Required action => Write out exactly the lines from the one containing "simple style sector" through the last line of the records below, both included, and leave out any pictures.

[The data Boundary: Start]

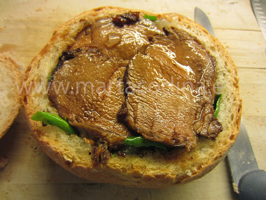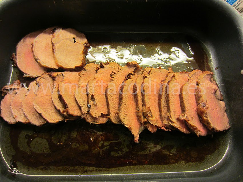 Cortar a filetes el redondo y conservarlos en su jugo.
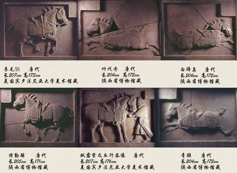 唐代人非常喜欢马。马在古代社会中,首先不是最重要的农业工具,而是最重要的军事工具。所以,马在古代是军事力量的体现。比如唐太宗的昭陵六骏,其中两骏在20世纪初被盗到美国去了,至今还在美国费城博物馆里展出。另外四骏已经被打碎了,准备运输出国时,被政府截住了,今天在陕西省博物馆展出。"六骏"是指拳毛騧(音瓜)、什伐赤、白蹄乌、特勤骠、飒露紫、青骓。特勤骠,有的书上也写作特勒骠。这六匹骏马是唐太宗最心爱的六匹马,都是战功卓著,最后做为浮雕在昭陵千年供奉,从唐代一直到民国初年。结果被破坏了,非常可惜。李世民本人骑术非常精湛,他认为马是甲兵之本,国之大用,就觉得马非常重要,相当于战车。一个强国的帝王,对军事就得非常重视,只有军事强才能国家强。
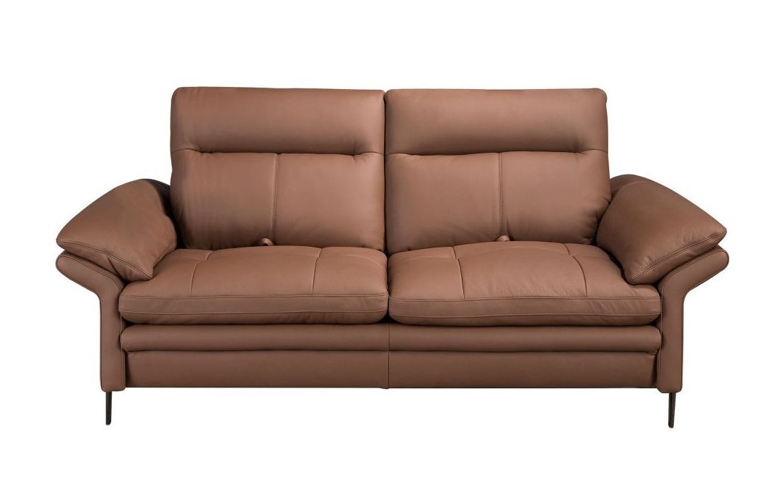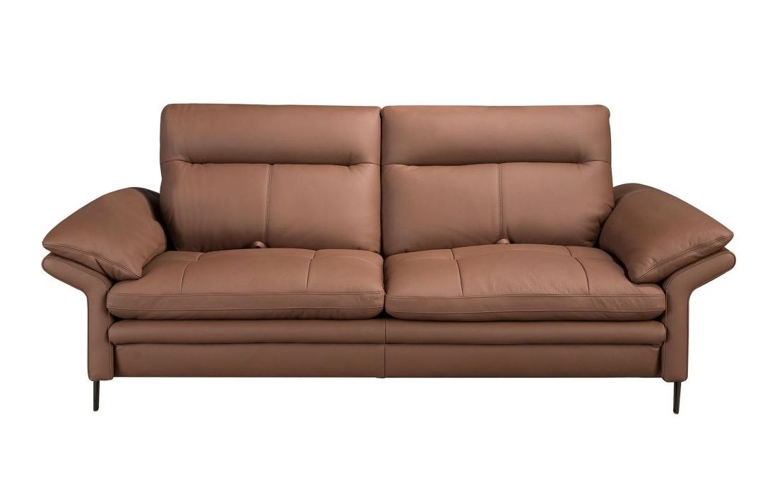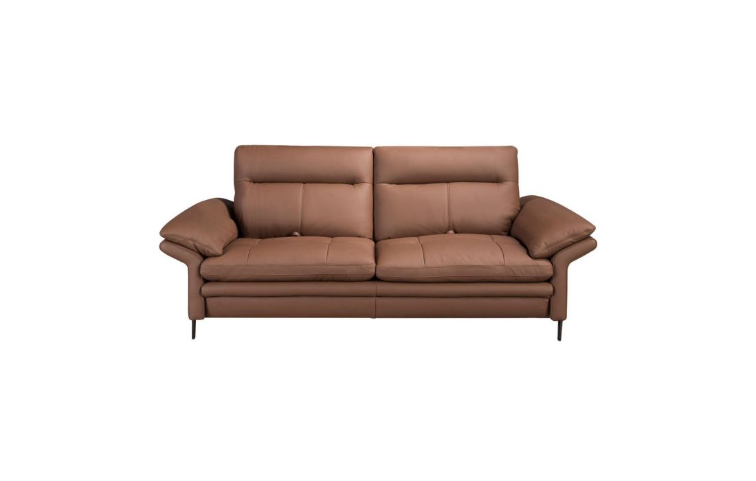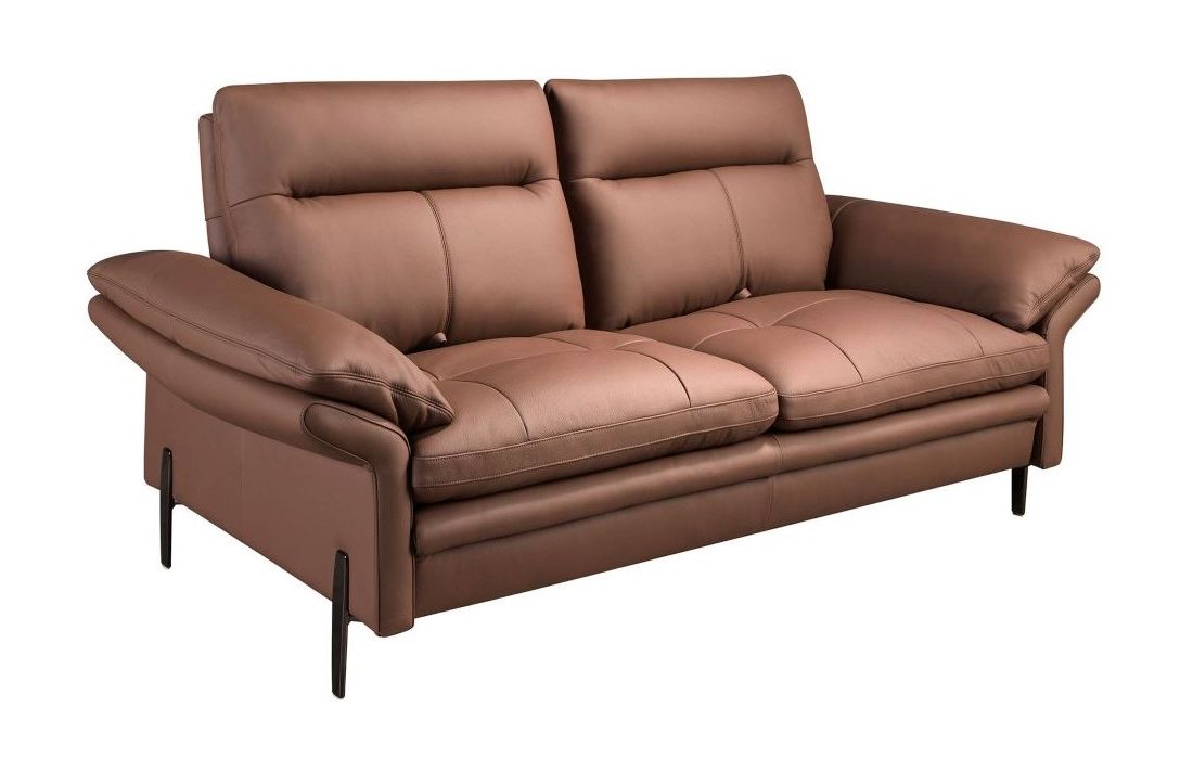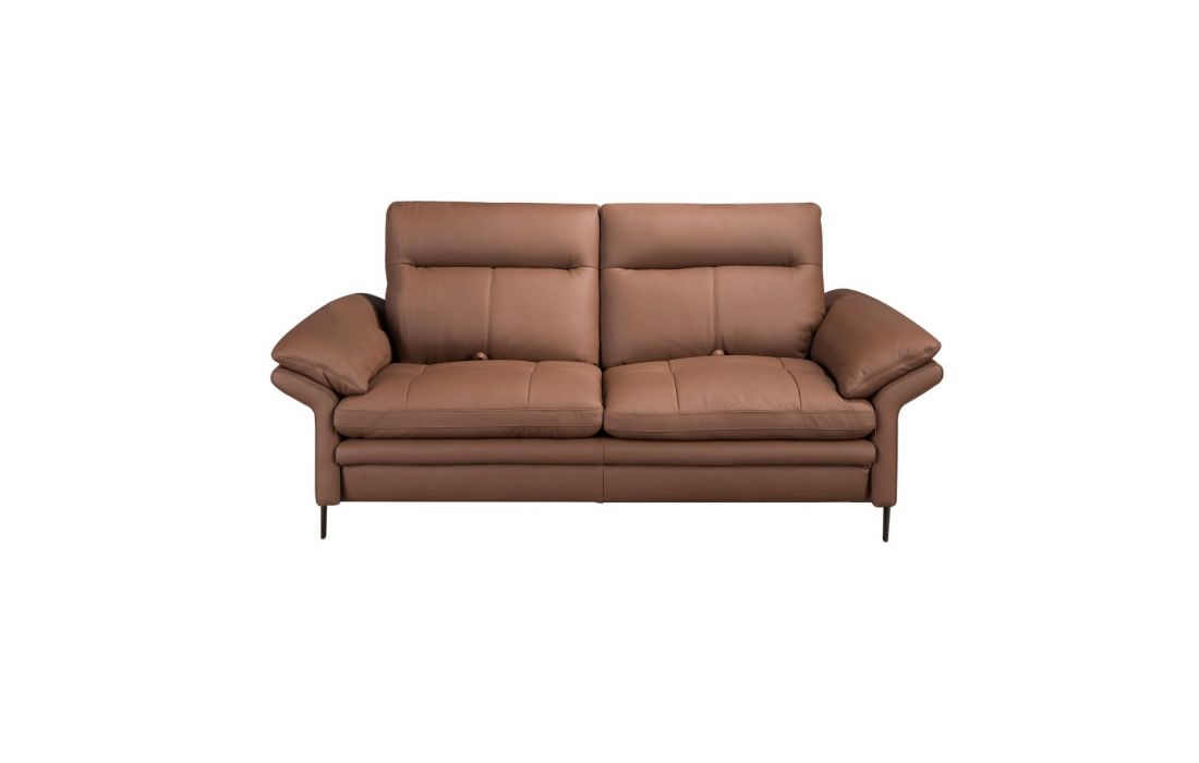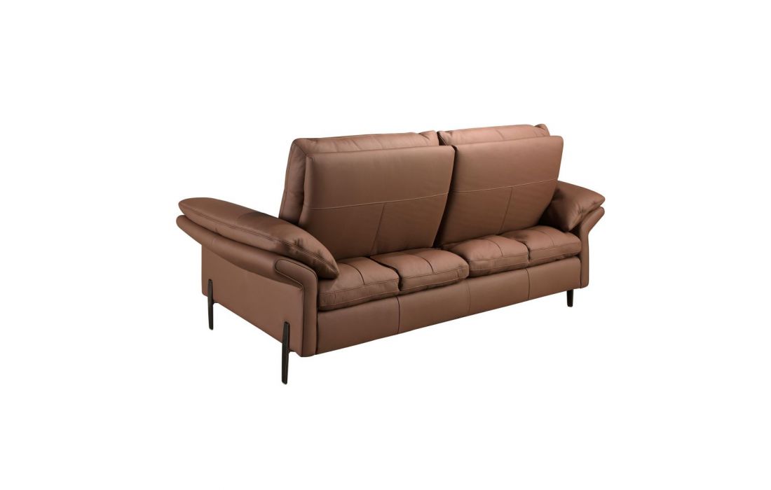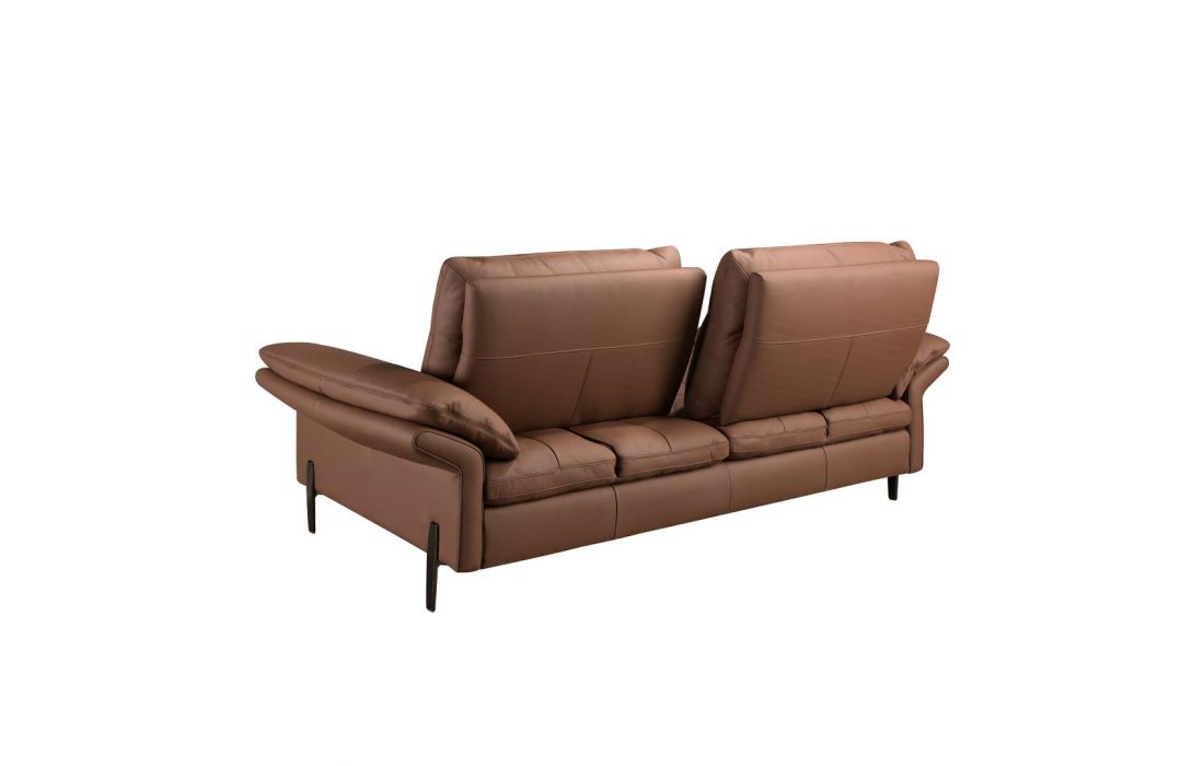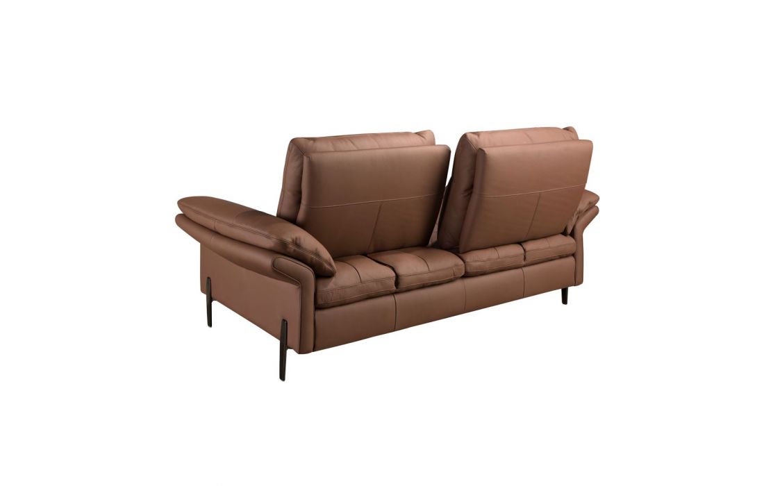 Sofá moderno estofado em pele de bovino e as pernas em aço inoxidável cromado escuro, este sofá irá adicionar o toque de elegância vanguardistaDestinatário :
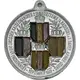 Four crowned and colorfully painted coats of arms between laurel branches. |
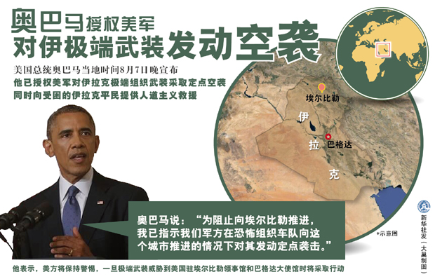 最近几天,极端武装组织继续在伊拉克境内推进,并逼近伊北部城市、库尔德自治区首府埃尔比勒。由于美国在这个城市设有领事馆,同时派驻有美军顾问人员,美方利益顿时受到巨大威胁。此外,当地的冲突导致数十万人流离失所,一些教派民众不得不逃到山上避难,一场人道主义危机迫在眉睫。
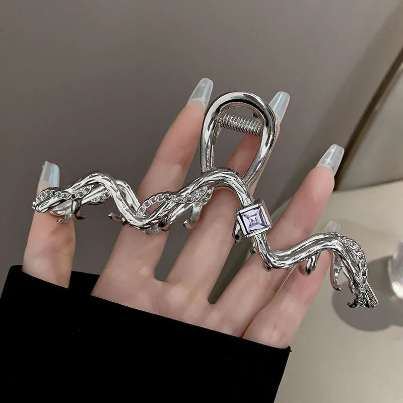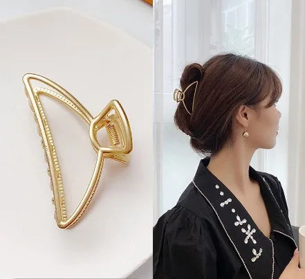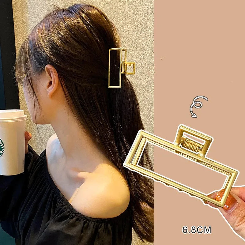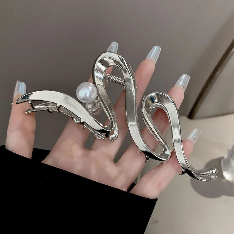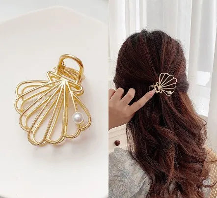 simple style sector shell rectangle imitation pearl rhinestone metal hair claws
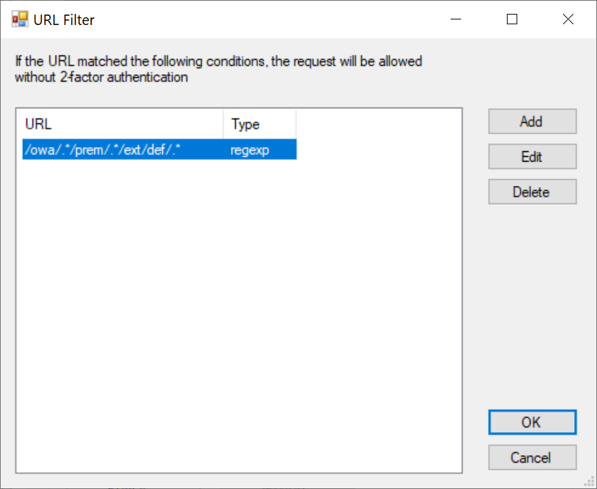 In the "URL" box enter "/owa/.*/prem/.*/ext/def/.*"
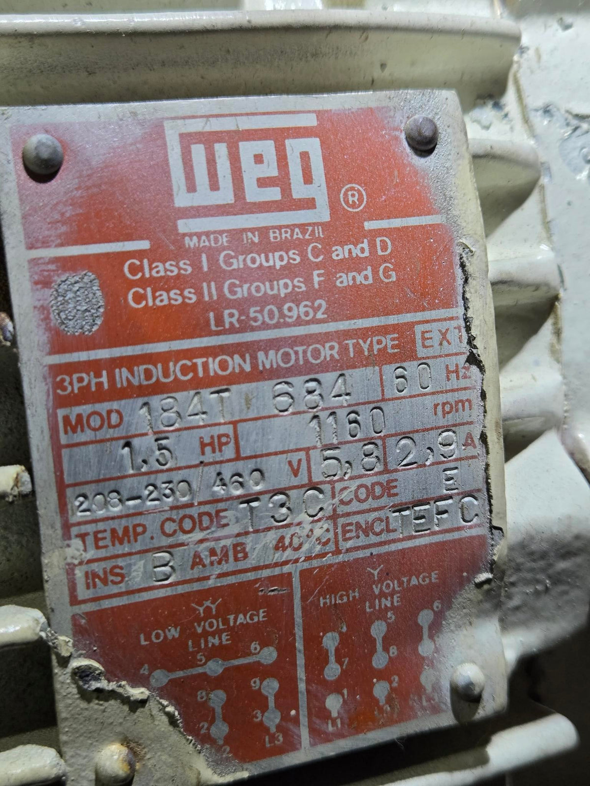 WEG Electric EX Motor 1.5 HP - 208-230/460V- 3PH - 1160 RPM - FR 184T- TEFC EX1

[The data Boundary: End]

Answer section =>
 simple style sector shell rectangle imitation pearl rhinestone metal hair claws
 In the "URL" box enter "/owa/.*/prem/.*/ext/def/.*"
 WEG Electric EX Motor 1.5 HP - 208-230/460V- 3PH - 1160 RPM - FR 184T- TEFC EX1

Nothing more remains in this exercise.